Question

How To Align Three Dna Sequences In Perl?

0

Entering edit mode

13.0 years ago

Ika838 ▴ 30

Hi! I have to align three DNA sequences in PERL. I found subroutine in "Genomic Perl: From Bioinformatics Basics to Working Code" which is based on Needleman–Wunsch Algorithm. But I have problem to create working script. Can anybody help me to create program which will work with this subroutine?

my $s1 = 'AAAATATATTTCGCTTTTTTATA';

my $s2 = 'AGAATATATTTCGGTTAATTATA';

my $s3 = 'AGAATATAATTCGGTCCATTATA';

sub similarity {

my($s1,$s2,$s3) = @_;

### fill in edges of cube

foreach my $i1 (0..length($s1)) { $M[$i1][0][0]=$g*$i1*2; }

foreach my $i2 (0..length($s2)) { $M[0][$i2][0]=$g*$i2*2; }

foreach my $i3 (0..length($s3)) { $M[0][0][$i3]=$g*$i3*2; }

### fill in sides of cube

## Side 1

foreach my $i1 (1..length($s1)) {

my $aa1 = substr($s1,$i1-1,1);

foreach my $i2 (1..length($s2)) {

my $aa2 = substr($s2,$i2-1,1);

$M[$i1][$i2][0]=max($M[$i1-1][$i2][0]+$g+$g,

$M[$i1][$i2-1][0]+$g+$g,

$M[$i1-1][$i2-1][0]+$g+p($aa1,$aa2));

}
}
## Side 2

foreach my $i1 (1..length($s1)) {

my $aa1 = substr($s1,$i1-1,1);

foreach my $i2 (1..length($s2)) {

my $aa2 = substr($s2,$i2-1,1);

$M[$i1][0][$i3] = max($M[$i1-1][0][$i3]+$g+$g,

$M[$i1][$i2-1][0]+$g+$g,

$M[$i1-1][$i2-1][0]+$g+p($aa1,$aa2));

}
}

## Side 3

foreach my $i1 (1..length($s1)) {

my $aa1 = substr($s1,$i1-1,1);

foreach my $i2 (1..length($s2)) {

my $aa2 = substr($s2,$i2-1,1);

$M[0][$i2][$i3] = max($M[0][$i2-1][$i3]+$g+$g,

$M[$i1][$i2-1][0]+$g+$g,

$M[$i1-1][$i2-1][0]+$g+p($aa1,$aa2));

}
}

foreach my $i1 (1..length($s1)) {

my $aa1 = substr($s1,$i1-1,1);

foreach my $i2 (1..length($s2)) {

my $aa2 = substr($s2,$i2-1,1);

my $p12 = p($aa1,$aa2);

foreach my $i3 (1..length($s3)) {

my $aa3 = substr($s3,$i3-1,1);

my $p13 = p($aa1,$aa3);

my $p23 = p($aa2,$aa3);

$M[$i1][$i2][$i3]

= max($M[$i1-1][$i2-1][$i3-1]+$p12+$p13+$p23,

$M[$i1-1][$i2-1][$i3]+$p12+$g+$g,

$M[$i1-1][$i2][$i3-1]+$g+$p13+$g,

$M[$i1][$i2-1][$i3-1]+$g+$g+$p23,

$M[$i1][$i2][$i3-1]+0+$g+$g,

$M[$i1][$i2-1][$i3]+$g+0+$g,

$M[$i1-1][$i2][$i3]+$g+$g+0);

}
}
}
return ($M[length($s1)][length($s2)][length($s3)]);

}

perl multiple homework • 5.1k views

ADD COMMENT • link updated 5.8 years ago by Biostar 20 • written 13.0 years ago by Ika838 ▴ 30

1

Entering edit mode

$g is not defined in the code sample; what is it?

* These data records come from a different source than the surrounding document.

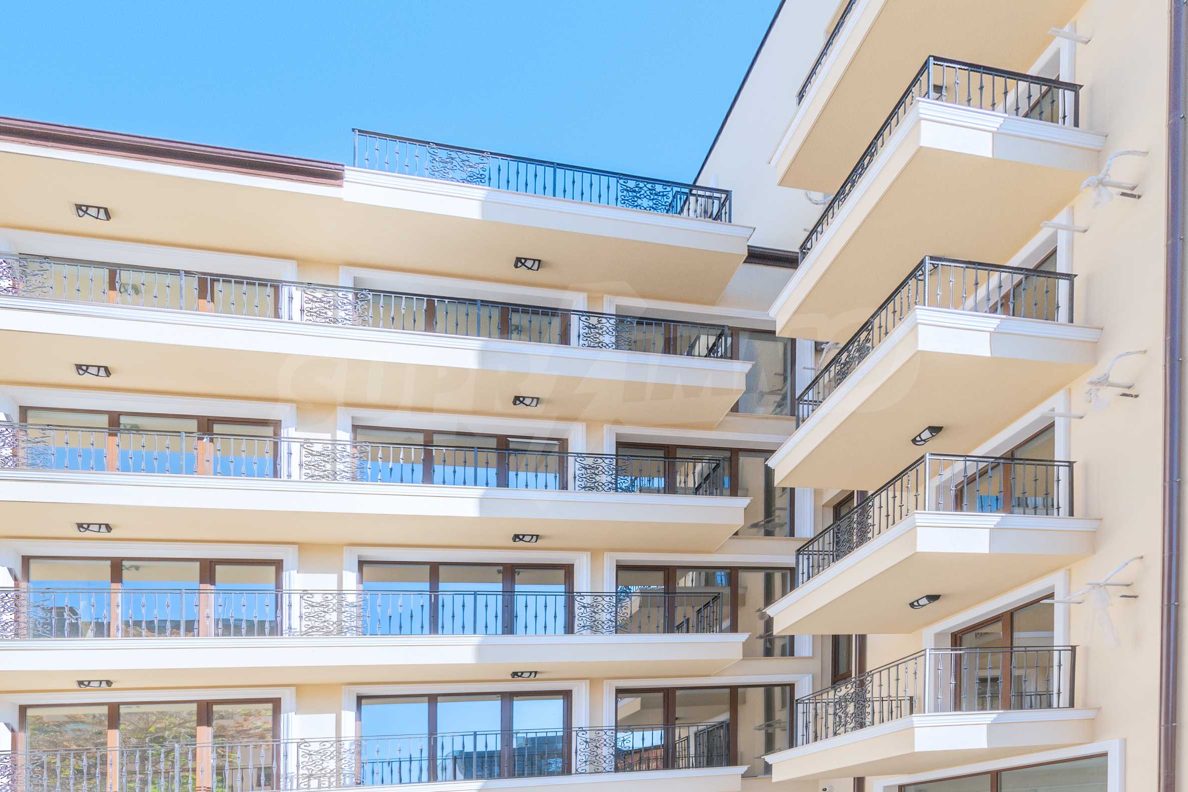 The building has various two-bedroom apartments, spacious bedrooms and living rooms. The common parts of the building are luxuriously finished with natural materials. There is a possibility to buy a parking space or a garage. Excellent investment.
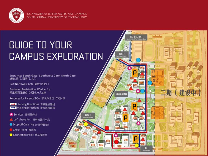 广州国际校区设置3个返校入口,包括南门、西南门、北门。
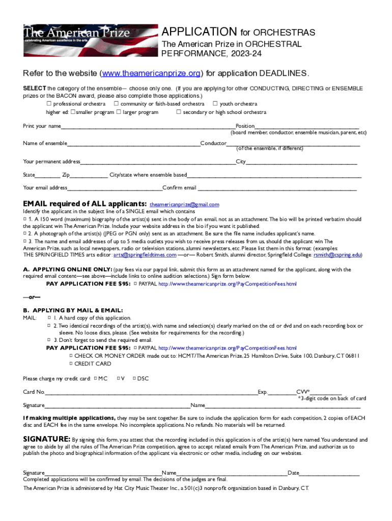 The American Prize in ORCHESTRAL PERFORMANCE, 202324 Refer to the website (www.theamericanprize.org) for application DEADLINES. SELECT the category of the ensemble choose only one. (If you are applying
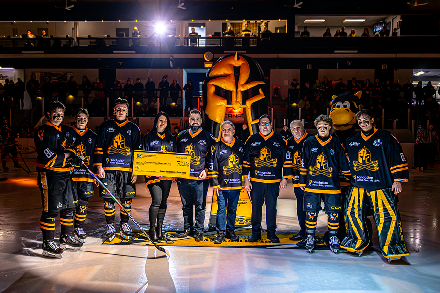 Lors de leur dernière partie locale de la saison régulière, les Chevaliers accueillaient les Riverains dans un match présenté au profit de la Fondation Hôtel Dieu de Lévis. À cette occasion, un chèque de 7 000 $ a été remis à la Fondation. Devant le filet, Zachary Lainesse protégeait la cage des Chevaliers.
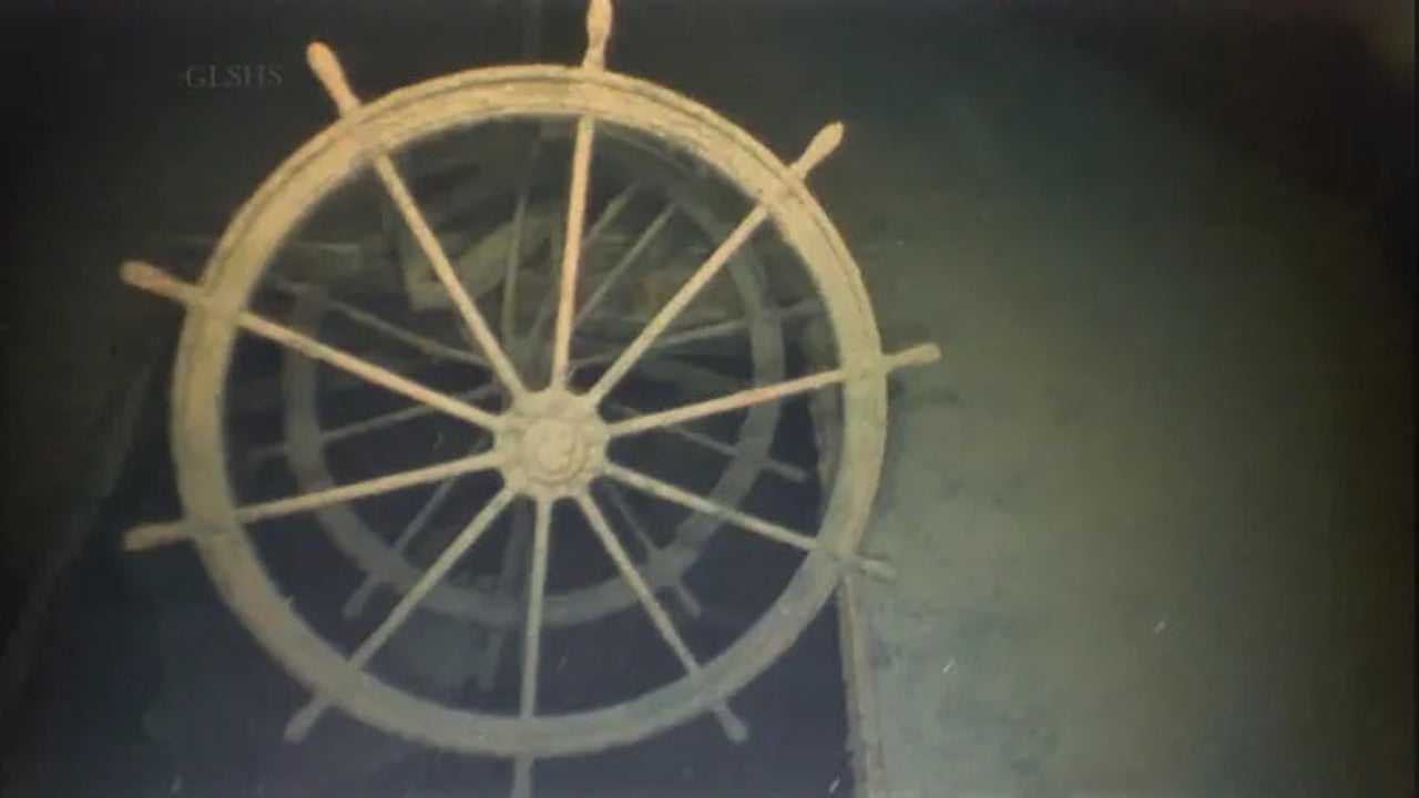 A video shared by the Shipwreck Society shows pieces of the vessel appearing in the dark water. Slowly, more recognizable ship hardware, including a smokestack and the ship's wheel, becomes visible to the ROV operators.

ADD REPLY • link 13.0 years ago by Neilfws 49k

1

Entering edit mode

This is a classic homework problem. It gives you a lot if you solve it by yourself.

ADD REPLY • link 13.0 years ago by Aleksandr Levchuk 3.2k

score 2 · Answer 1 · 2011-05-07

The basic answer is that the subroutine expects 3 arguments (the 3 sequences) and returns a variable, which you can either print or assign to a new variable. Something like:

my $align = similarity($s1, $s2, $s3);

However, this will not work with the code in the question; there are several problems with it. One of these is the variable $g, which is not defined. Another is the inconsistent use of my. If you're going to use my, include "use strict;" at the top and use it consistently.

I don't think the code sample is particularly useful, if you're trying to implement Needleman-Wunsch in Perl. Try a Google search for something more useful. The first hit is a CPAN module for Needleman-Wunsch, which probably contains better code.